When the team analysed the results – about 230,000 individual decisions – they learned that the mice were using both approaches in parallel. “This confirmed that the task was suitable for studying the neural basis of these mechanisms”, Costa says. “We then moved on to the next step – investigating the neural basis of this behaviour.”
A neural map of model-based learning
The team focussed on a brain region called anterior cingulate cortex (ACC).“Previous studies established that ACC is involved in action selection and provided some evidence that it could be involved in model-based predictions,” Dr. Costa explained. “But no one had checked the activity of individual ACC neurons in a task designed to differentiate between these different types of learning”
Remarkably,the researchers discovered that the activity of the neurons created a map that represented various aspects of the behaviour of the mice. “By looking at the pattern of activity across the population we could decode very accurately where in the trial the subject was. For instance, if it was about to choose the bottom port, or was moving from the top to the right port, or receiving a reward on the left”, Akam recounts.

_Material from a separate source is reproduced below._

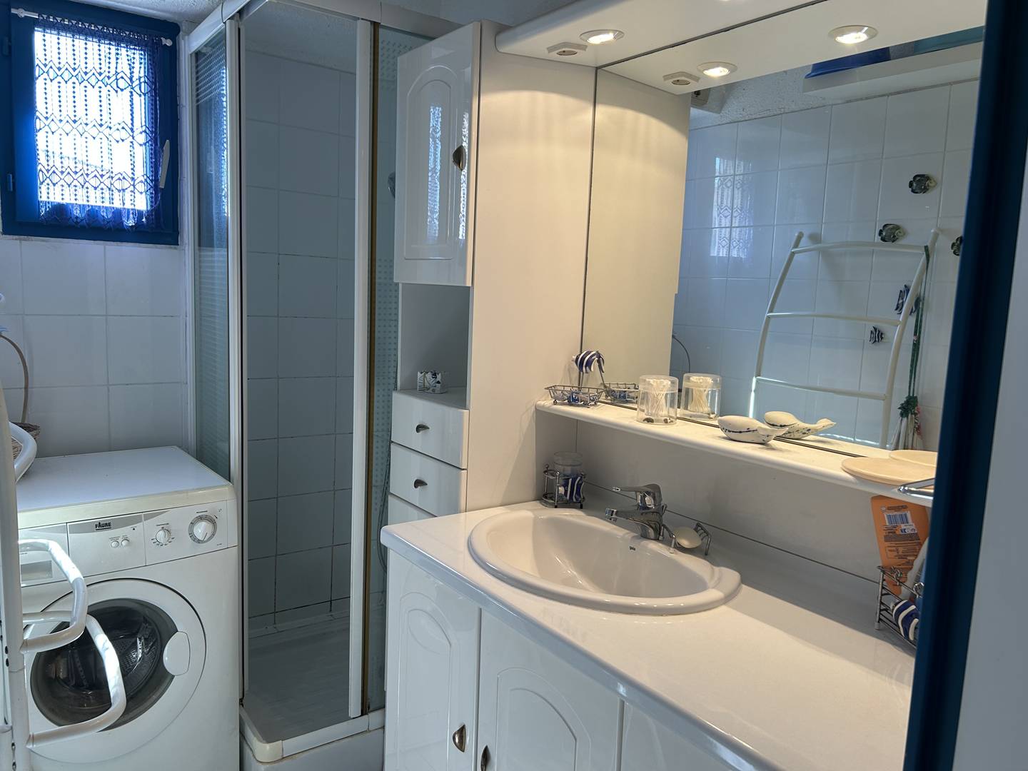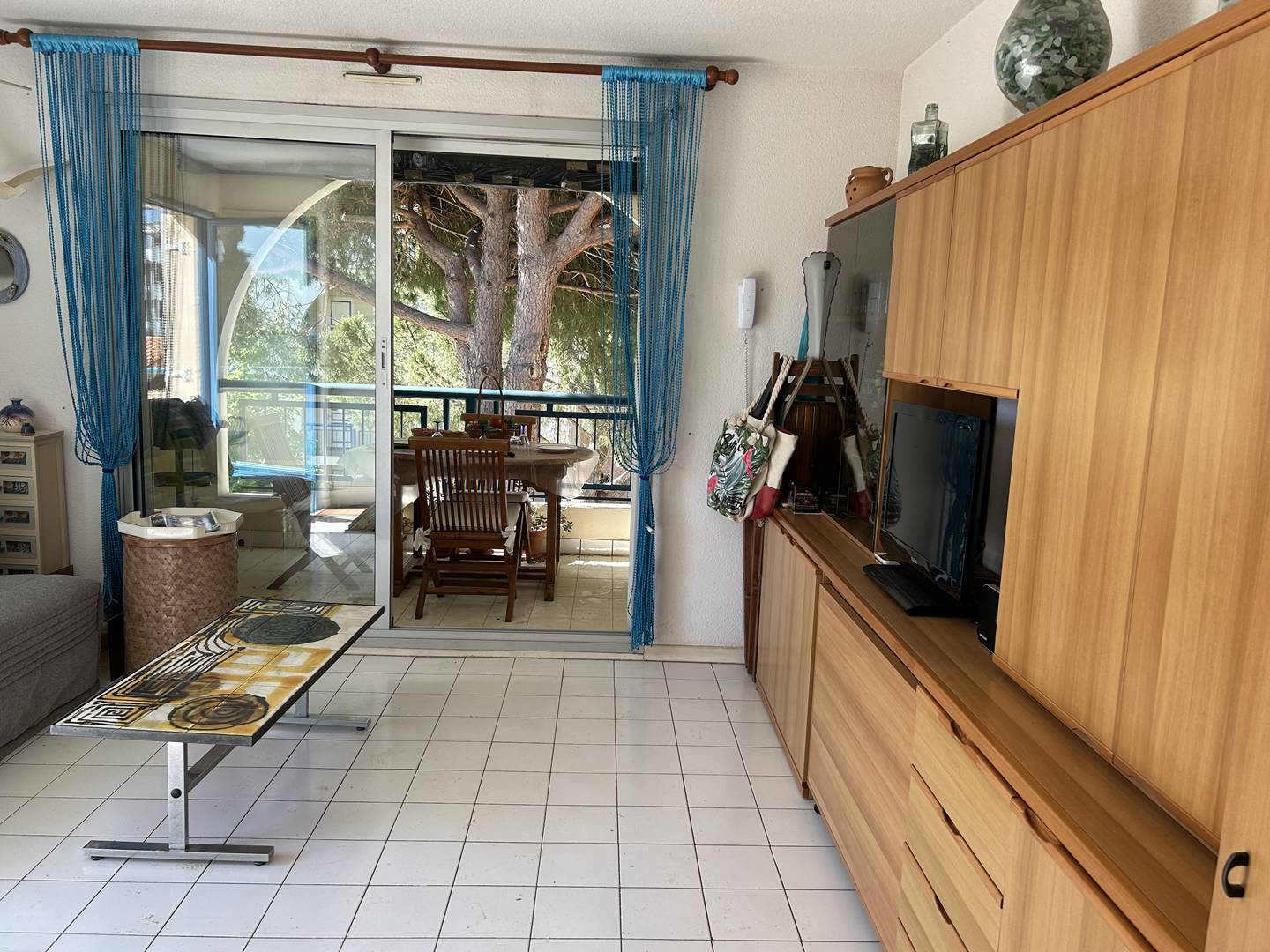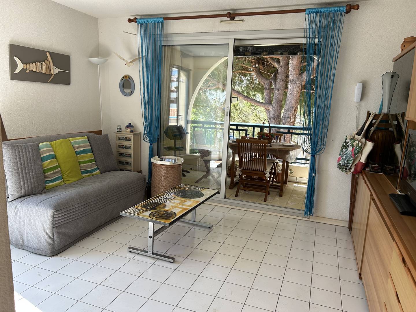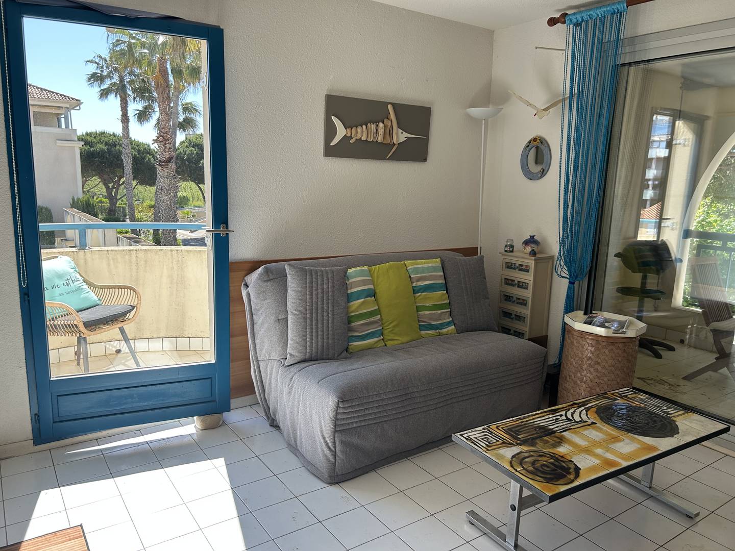 L'appartement vous propose une terrasse donnant sur un séjour avec un divan convertible , une kitchenette équipée , un coin nuit avec lits superposés, une chambre avec lit en 140 et une salle d'eau avec et lave-linge .wc indépendant.
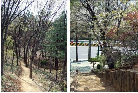 방배동 경남 아파트 삼거리에는 두 숲길의 입구가 있습니다. 우면산 등산로의 입구와 방배근린공원의 입구입니다. 우면산 등산로라고 해서 등산만 한다고 생각하시면 안 됩니다. 걷기 코스와 등산로 코스가 분리되어 있기 때문이지요. 세 가지 코스로 구성되어 있으니 취향에 맞게 선택하시면 되겠죠?

In addition to representing the animal’s current location in the task, ACC neurons also encoded which state was likely to come next. “This provided direct evidence that ACC is involved in making model-based predictions of the specific consequences of actions, not just whether they are good or bad”, says Costa.
Moreover, ACC neurons also represented whether the outcome of actions was expected or surprising, potentially providing a mechanism for updating predictions when they turn out to be wrong.
Finally, to test whether the ACC was needed for model-based decision-making, the team silenced ACC neurons in individual trials while the animals were deciding what option to choose. As a result, “mice failed to correctly update their strategy, suggesting that silencing ACC prevents the animals from using model-based predictions. Consistent with this interpretation, ACC silencing had a stronger effect on subjects who relied more on a model-based strategy”, Akam explains.
“These results were very exciting,” Costa points out. “These data identify the anterior cingulate cortex as a key brain region in model-based decision-making, more specifically in predicting what will happen in the world if we choose to do a particular action versus another.”
According to the authors, a big challenge in contemporary neuroscience is understanding how the brain controls complex behaviours like planning and sequential decision making. “Our study is one of the first to demonstrate that it is possible to study these aspects of decision-making in mice”, says Akam.
“These results will allow us and others to use the powerful tools for monitoring and manipulating brain activity available in this species to build mechanistic understanding of flexible decision making”, he concludes.